2.  Click 'Profile' in the left pane.

3.  Deselect 'Use the Run action's arguments and environment variables'
    checkbox.

4.  Add `debug.tflite.trace` under 'Environment Variables' section.

    ![Set environment variable](images/xcode_profile_environment.png)

If you want to exclude TensorFlow Lite events when profiling the iOS app,
disable tracing by removing the environment variable.

#### XCode Instruments

Capture traces by following the steps below:

1.  Select **Product > Profile** from the top menus of Xcode.

2.  Click **Logging** among profiling templates when Instruments tool launches.

3.  Press 'Start' button.

4.  Press 'Stop' button.

5.  Click 'os_signpost' to expand OS Logging subsystem items.

6.  Click 'org.tensorflow.lite' OS Logging subsystem.

7.  Investigate the trace result.

    ![Xcode Instruments trace](images/xcode_traces.png)
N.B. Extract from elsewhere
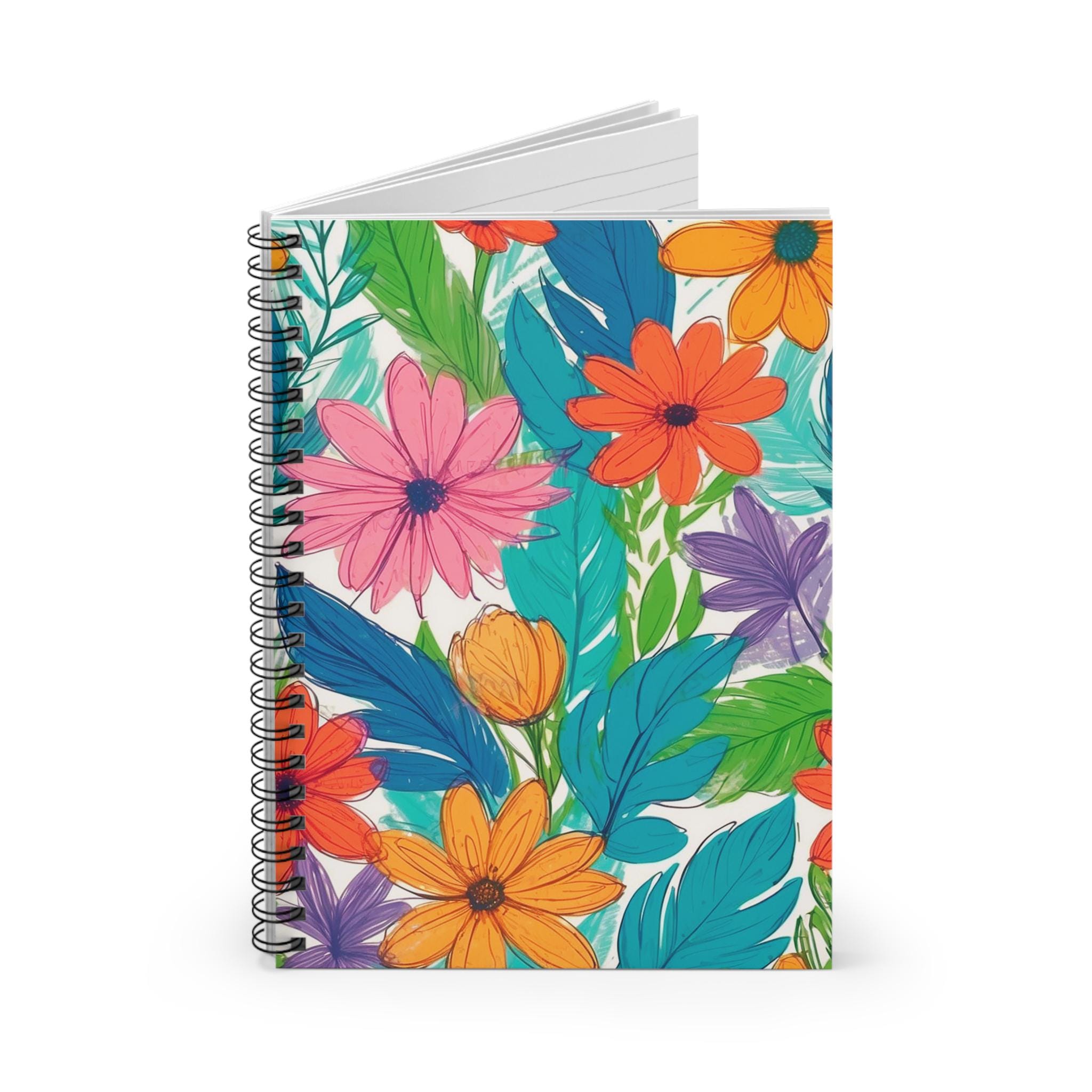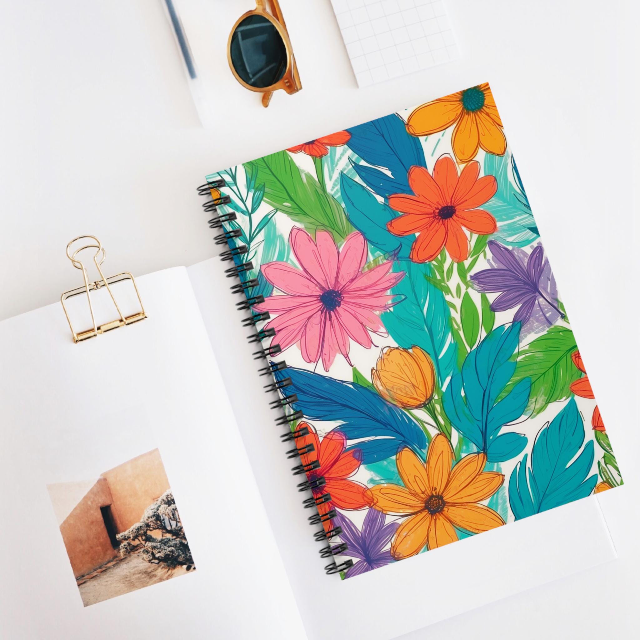 Bright, hand-painted blooms dance across a sturdy spiral notebook made for people who keep ideas close and colorful. The ruled 90gsm pages take pen and ink without fuss, while the metal spiral lays flat, so lines stay steady during long notes, lists, and sketches. A hidden document pocket in the back keeps loose receipts, ticket stubs, or inspiration clippings safe between pages. At 6" x 8" this notebook slips into backpacks and tote bags, ready for quick journaling on a coffee break or organized brainstorming at a desk.

In this example, you can see the hierarchy of events and statistics for each
operator time.

### Using the tracing data

The tracing data allows you to identify performance bottlenecks.

Here are some examples of insights that you can get from the profiler and
potential solutions to improve performance:

*   If the number of available CPU cores is smaller than the number of inference
    threads, then the CPU scheduling overhead can lead to subpar performance.
    You can reschedule other CPU intensive tasks in your application to avoid
    overlapping with your model inference or tweak the number of interpreter
    threads.
*   If the operators are not fully delegated, then some parts of the model graph
    are executed on the CPU rather than the expected hardware accelerator. You
    can substitute the unsupported operators with similar supported operators.